An artificial intelligence system developed in Australia is showing new promise in the fight against illegal wildlife trafficking at airports. Built to identify hidden marine products such as shark fins, dried seahorses, and sea cucumbers, the system reached 92% overall detection accuracy in testing.
The advance matters because trafficking in marine wildlife is often harder to spot than more familiar forms of animal smuggling. The products are frequently concealed inside ordinary suitcases or parcels, making them easy to miss during routine visual inspections.
How the system works
According to a press release cited by Frontiers in Ocean Sustainability, the approach combines existing 3D X-ray CT scanners used at airports with a neural network model. The scanner provides detailed images of luggage, while the AI searches for shapes and patterns that may indicate smuggled wildlife products.
Researchers carried out nearly 300 scans using seized samples from cases involving illegal marine wildlife trade. The system was trained to recognize the form, density, and visual patterns of objects hidden inside baggage.
The training also included simulated smuggling scenarios designed to better reflect real airport conditions. That allowed the model to be tested against concealment methods commonly used by traffickers, rather than only against items placed in open view.
Concealed in clothing, toys, and foil
The research team tested several hiding methods seen in previous cases. Seized items were wrapped in aluminum foil, placed among clothing, and hidden inside toys.
That range of disguises reflects how smugglers try to make illegal products blend in with a passenger’s personal belongings. The goal is to avoid drawing attention during baggage screening.
Performance varied by product type. The system detected shark fins at a rate of 95%, dried seahorses at 96%, and sea cucumbers at 86%.
Those results show that some items are easier for the model to identify than others. Even so, the combined 92% accuracy suggests the technology could speed up early screening in busy airport environments.
A tool to assist, not replace, officers
The researchers stressed that the system is not meant to replace current detection methods. Instead, it is designed to support border enforcement as an additional layer of inspection.

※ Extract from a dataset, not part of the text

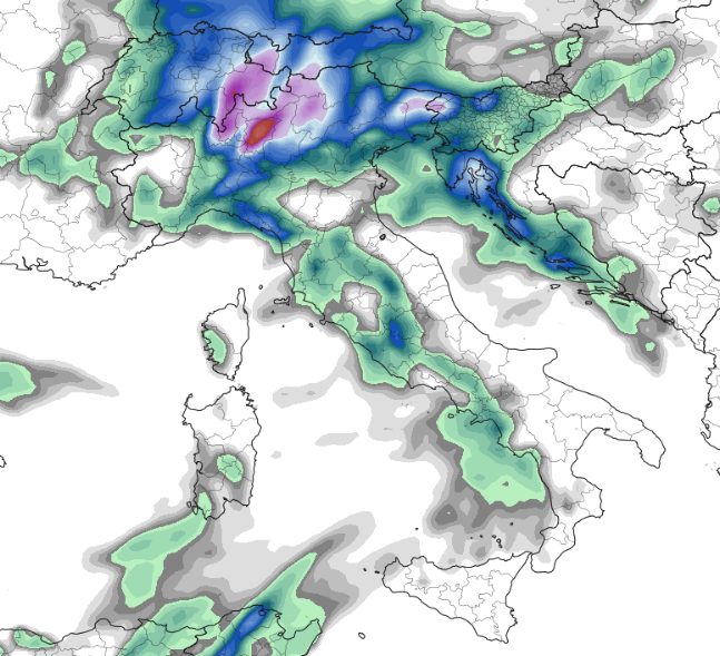 | Martedì 9 | Nord-Ovest, Liguria, alta Toscana | Temporali intensi, piogge diffuse | Libeccio | In calo al Nord |
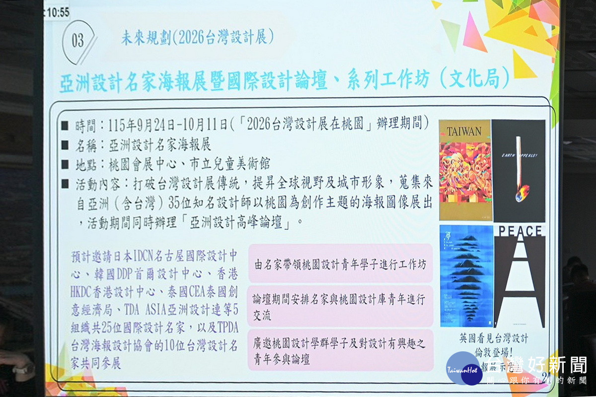 文化局指出,配合本市辦理「2026台灣設計展」,市府前瞻布局進行3場國際設計交流行動,邀請國際設計大師及設計組織來台進行對話及意見交換,擴大未來國際合作網絡,提升桃園的國際能見度,實踐推動桃園成為亞洲設計中心願景。於2026台灣設計展期間,也將透過「亞洲設計名家海報展暨國際設計論壇」及系列工作坊,廣邀國內外知名設計師共同創作交流,提升城市形象與全球視野。

Vanessa Pirotta of Macquarie University, the study’s lead author, said the team could only simulate real-world smuggling scenarios based on cases that had already been detected. She also noted that AI is not a magic solution and cannot replace human inspection or sniffer dogs.
The study also acknowledges the risk of false positives, meaning ordinary items may be flagged as suspicious. In addition, access to advanced 3D scanners is still limited at many checkpoints, which could slow wider deployment.
Even with those constraints, the research points to a new direction for airport screening. By pairing existing scanner infrastructure with AI analysis, officers may have a better chance of finding hidden shark fins, dried seahorses, and sea cucumbers before they move further through the supply chain.